**Problem statement:**
When you reach the line that contains "GESSI 316 Встраиваемый", set down that line and every one after it through the end of the records, exactly as written and with no pictures.

====

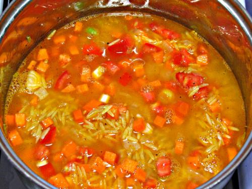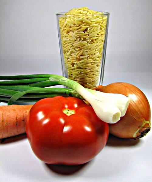 У меня пачка таких макарон (формы “орцо”) лежала еще с прошлого года и руки не дотягивались. Макароны эти короткие, формой похожи на рис, но немного длинее. Если у вас таких нет, не страшно. Возьмите любые мелкие макароны твердых сортов пшеницы.
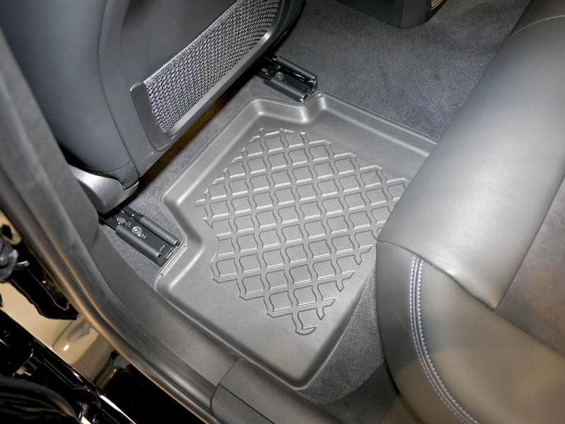Gumoplastové 3D přesné podlahové koberce ve tvaru vaničky pod nohy pasažérů na vůz BMW 3 (G21) Touring Combi i X-drive 5 dveří od roku výroby 06.2019 ->, od polské firmy Aristar, které zabraňují namočení koberců interiéru od mokrých bot nebo bot od sněhu a jsou vyrobené ze stejného materiálu jako vany do kufru od stejnojmenné firmy.
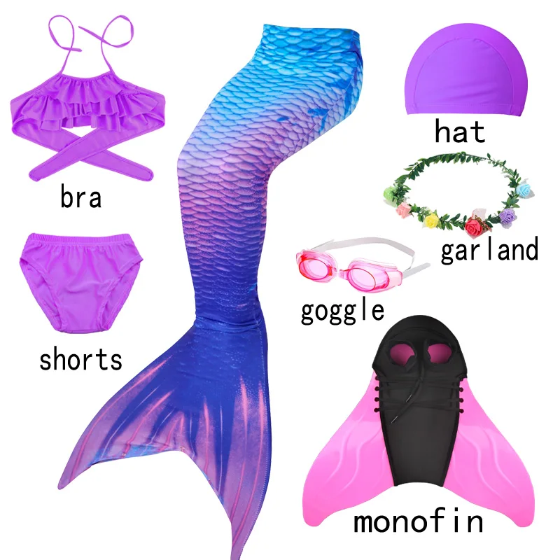 Product Name: Halloween Bambini Costume Da Bagno Bikini Flipper Sirena Code shorts top per il Nuoto Della coda Della Sirena monofin Costumi Delle Ragazze di Nuoto
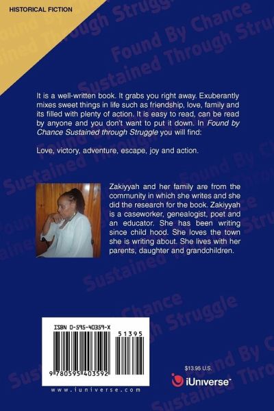 It is a well-written book. It grabs you right away. Exuberantly mixes sweet things in life such as friendship, love, family and its filled with plenty of action. It is easy to read, can be read by anyone and you don't want to put it down. In Found by Chance Sustained through Struggle you will find: Love, victory, adventure, escape, joy and action.
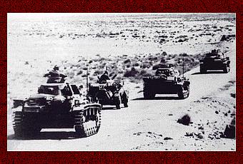 Los panzer alemanes, en el desierto de Libia.La realidad es que los británicos han retirado de África al grueso de las experimentadas tropas de Richard O’Connor para enviarlas a Grecia y dejado al General Philip Neame al mando de la defensa de Libia con la inexperta 2ª División Blindada, la novata 9ª División de Infantería Australiana y una Brigada India. Los tanques de que disponen los británicos son en su mayoría anticuados y se encuentran muy desgastados. En conjunto, las unidades británicas no cuentan con la experiencia ni la profesionalidad con que contaban los veteranos de O’Connor. Por su parte, Rommel cuenta con una división alemana, la 5ª Ligera, que dispone de una poderosa fuerza de tanques con unas 150 máquinas, y con parte de cuatro divisiones italianas de infantería. En total, Rommel cuenta tan sólo con 9.300 soldados alemanes y 37.000 italianos apoyados por una columna de suministro dotada de 7.000 camiones.
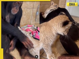 New Delhi: If you enjoy viewing animal videos, your social media feeds are probably full of photographs, videos, and interesting facts about animals. Such stuff is frequently intriguing to watch, and many films may even touch your heart. Like this video of a chimp meeting lion cubs for the first time. The adorable video is shared on Instagram by a user named Landon Scherr and we are sure it will simply make your Wednesday a lot brighter.
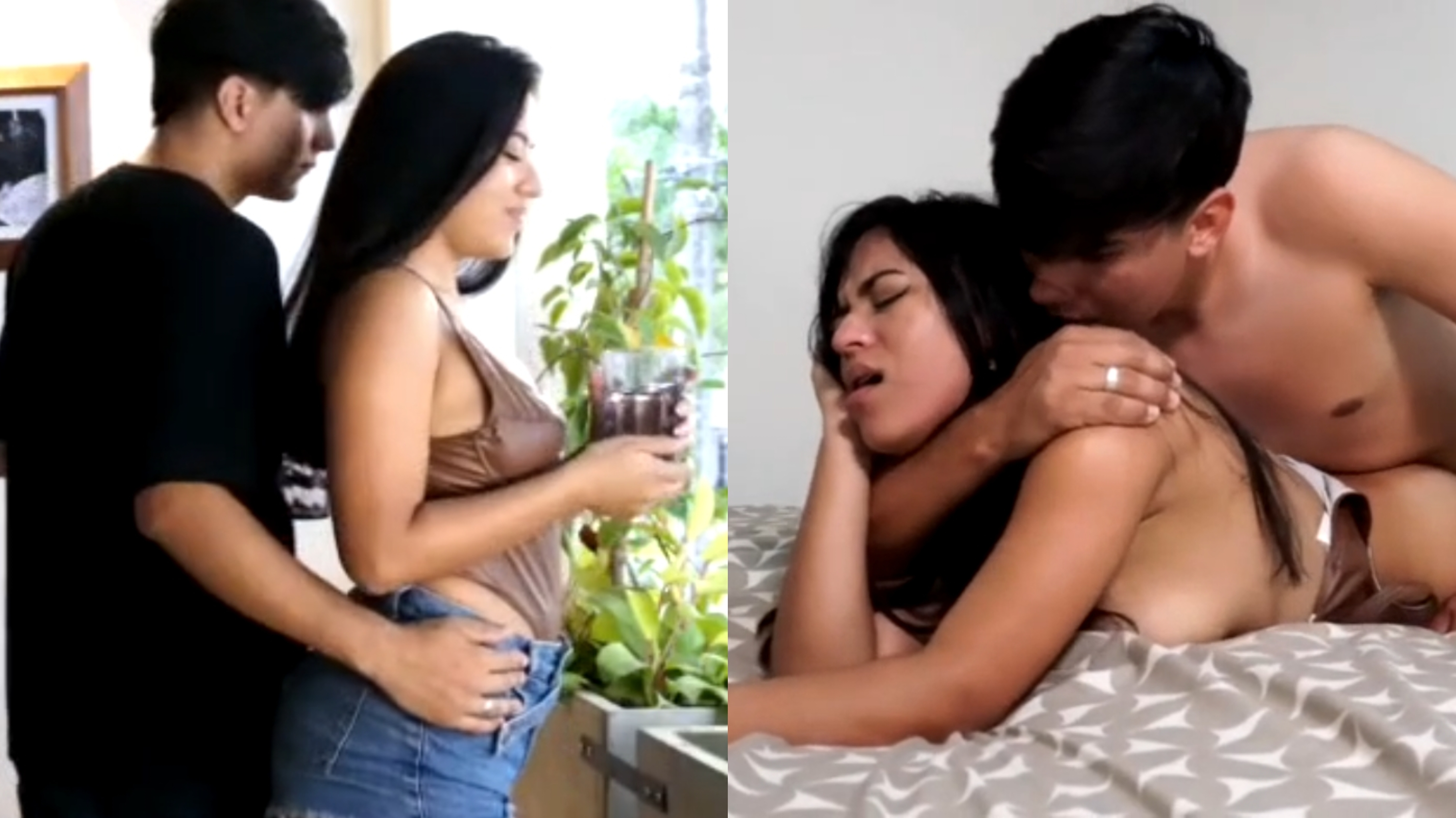 A big boobs college girl shares a room with her close friend and one night, both of them shared the single bed where he approached her, and she loved to co-operate with him. Both of them enjoy passionate sex where he grabs her big boobs while riding her wet pussy and enjoys doggy sex. Finally, he creampies into her vagina.
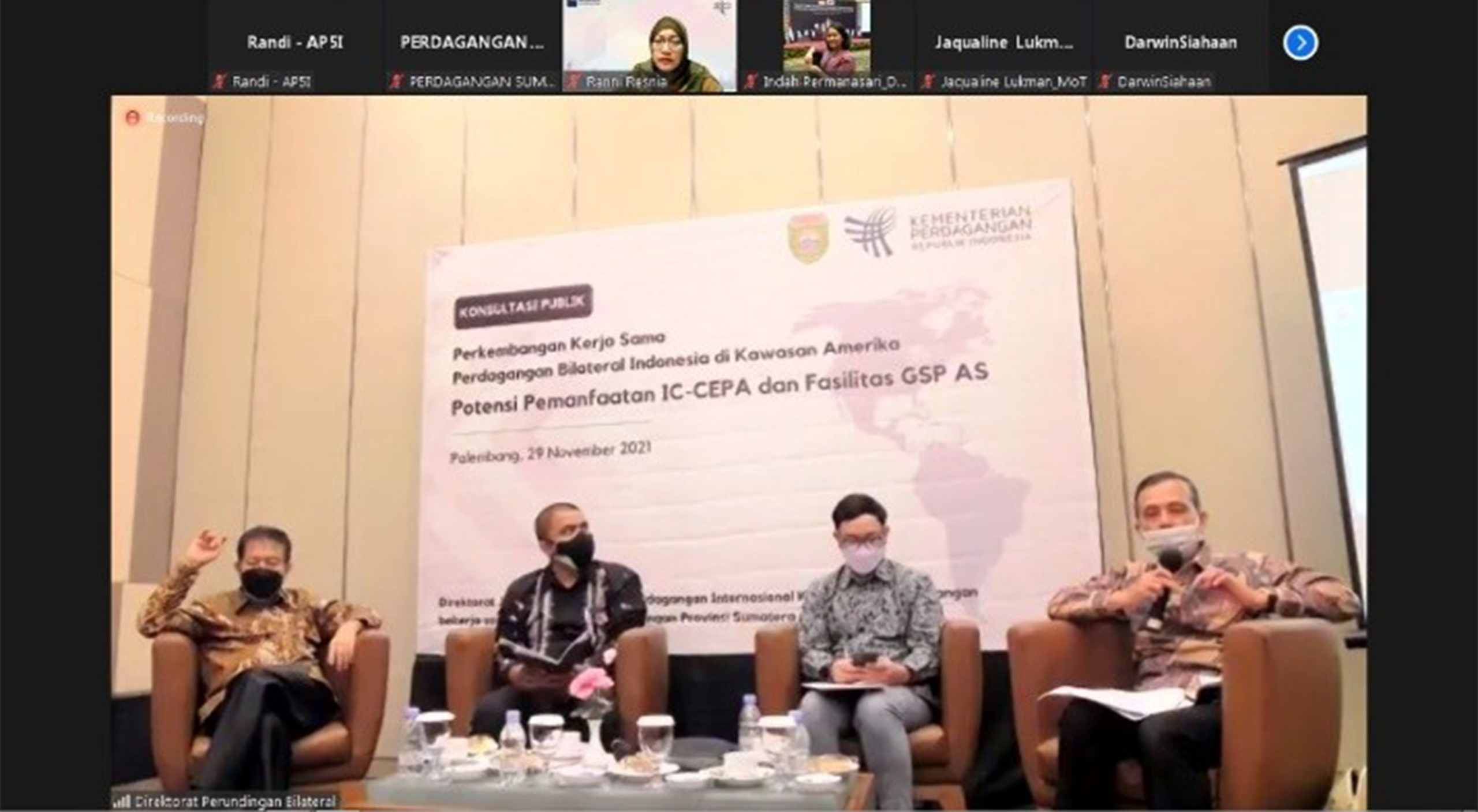 Konsultasi Publik Perkembangan Kerjasama Perdagangan Bilateral Indonesiadi kawasan Amerika ; Potensi Pemanfaatan IC-CEPA dan Fasilitas GSP AS – 29 November 2021
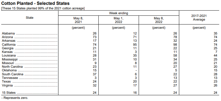 美國農(nóng)業(yè)部5月9日發(fā)布的美國棉花生長報告顯示,截至5月8日當周,美棉種植率為24%,前周為16%,去年同期為24%,5年均值為24%。
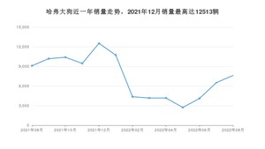 2022年8月,哈弗大狗销量为7614辆,同比下降16.25%,环比增长16.99%。2021年08月-2022年08月份,哈弗大狗销量为96003辆,同比增长12.81%。
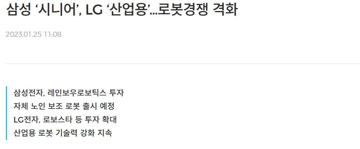 - 삼성전자는 노년층을 위한 보조 로봇을 연내에 내놓겠다는 계획을 발표했으며, LG전자의 경우 산업용 로봇 등에 대한 투자와 기술 개발을 지속하고 있습니다. 삼성전자는 레인보우로보틱스에 지분 투자를, LG전자는 로보스타에 지분 투자를 하고 있는데요. 이처럼 로봇 산업은 추후 성장성이 어마어마 합니다.
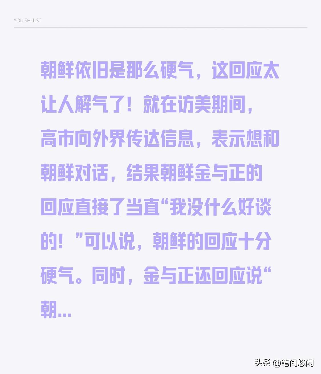 朝鲜依旧是那么硬气,这回应太让人解气了! 就在访美期间,高市向外界传达信息,表示想和朝鲜对话,结果朝鲜金与正的回应直接了当直“我没什么好谈的!” 可以说,朝鲜的回应十分硬气。同时,金与正还回应说“朝日领导人会晤,不是你日本单方面决心和意愿就能实现的!” 可以说,面对日本最近的军事扩张动作,朝鲜是很警惕的,并且也是原则十分明确的,对于没憋好事的日本,朝鲜根本不想搭理。
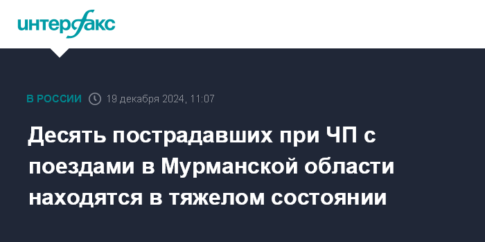 Москва. 19 декабря. INTERFAX.RU - Десять пострадавших в результате столкновения пассажирского и грузового поездов в Мурманской области находятся в тяжелом состоянии, сообщил помощник министра здравоохранения РФ Алексей Кузнецов.
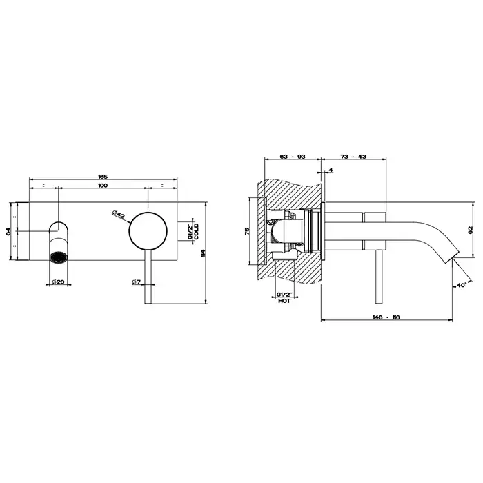 GESSI 316 Встраиваемый смеситель с изливом 147мм (внешние части), цвет: steel brushed
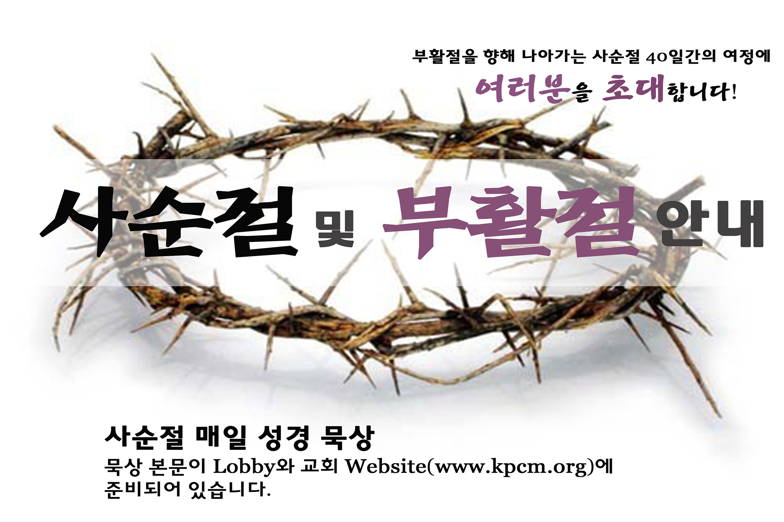 2018 사순절 수요예배. 고난주간 새벽예배. 부활절 예배안내 웹에디터 KPCM 최신포커스 사순절 수요 예배 및 수난 주간 새벽 예배 안내 사순절 수요저녁 예배 주제: 친히 그 몸으로 … 이처럼 사랑하사 (벧전2:24, 요3:16) 주께서 그 몸으로 우리를 얼마나 사랑하셨는가를 살피며 감사함으로 우리도 몸으로 주님을 더욱 사랑하고 섬기기를 기대한다. 2월 14일 눈: 마9:35-38 무리를 보시고 2월 21일 귀: 요한11:1-4 들으시고 2월 28일 […]
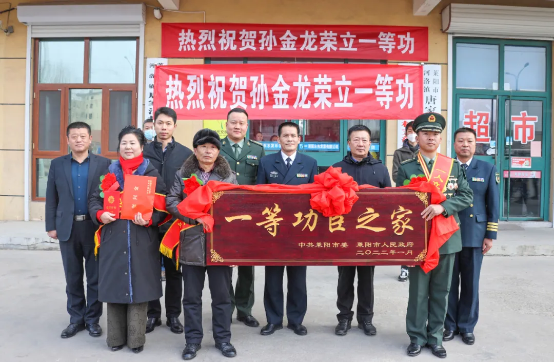 軍歌嘹亮擂戰(zhàn)鼓,鮮花簇擁贊功臣。1月24日,山東省煙臺市河洛鎮(zhèn)唐家灣村迎來一件喜事——第71集團軍某旅攜手當?shù)攸h政機關(guān)和國防動員系統(tǒng),將“濟南英雄連”連長孫金龍的一等功立功喜報送到家中,并為其家庭頒發(fā)“一等功臣之家”牌匾。
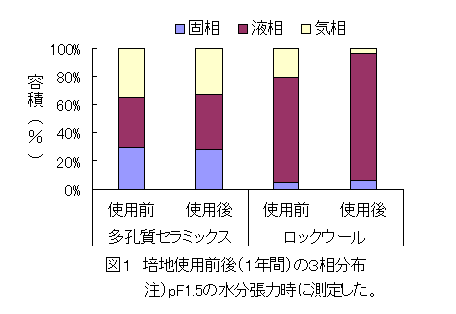 - 多孔質セラミックスは廃鋳物砂を造粒し、800℃以上の高温で焼成したもので、比重0.7~0.8、粒径0.5~1.5mmの灰黒色の物体で、ロックウールに比べて気相率が高く、塩基置換容量もやや高い。pHは6.5と弱酸性を示す。これら理化学性の使用に伴う変化は極めて少ない(図1、表1)。

====

**Answer space:**
 GESSI 316 Встраиваемый смеситель с изливом 147мм (внешние части), цвет: steel brushed
 2018 사순절 수요예배. 고난주간 새벽예배. 부활절 예배안내 웹에디터 KPCM 최신포커스 사순절 수요 예배 및 수난 주간 새벽 예배 안내 사순절 수요저녁 예배 주제: 친히 그 몸으로 … 이처럼 사랑하사 (벧전2:24, 요3:16) 주께서 그 몸으로 우리를 얼마나 사랑하셨는가를 살피며 감사함으로 우리도 몸으로 주님을 더욱 사랑하고 섬기기를 기대한다. 2월 14일 눈: 마9:35-38 무리를 보시고 2월 21일 귀: 요한11:1-4 들으시고 2월 28일 […]
 軍歌嘹亮擂戰(zhàn)鼓,鮮花簇擁贊功臣。1月24日,山東省煙臺市河洛鎮(zhèn)唐家灣村迎來一件喜事——第71集團軍某旅攜手當?shù)攸h政機關(guān)和國防動員系統(tǒng),將“濟南英雄連”連長孫金龍的一等功立功喜報送到家中,并為其家庭頒發(fā)“一等功臣之家”牌匾。
 - 多孔質セラミックスは廃鋳物砂を造粒し、800℃以上の高温で焼成したもので、比重0.7~0.8、粒径0.5~1.5mmの灰黒色の物体で、ロックウールに比べて気相率が高く、塩基置換容量もやや高い。pHは6.5と弱酸性を示す。これら理化学性の使用に伴う変化は極めて少ない(図1、表1)。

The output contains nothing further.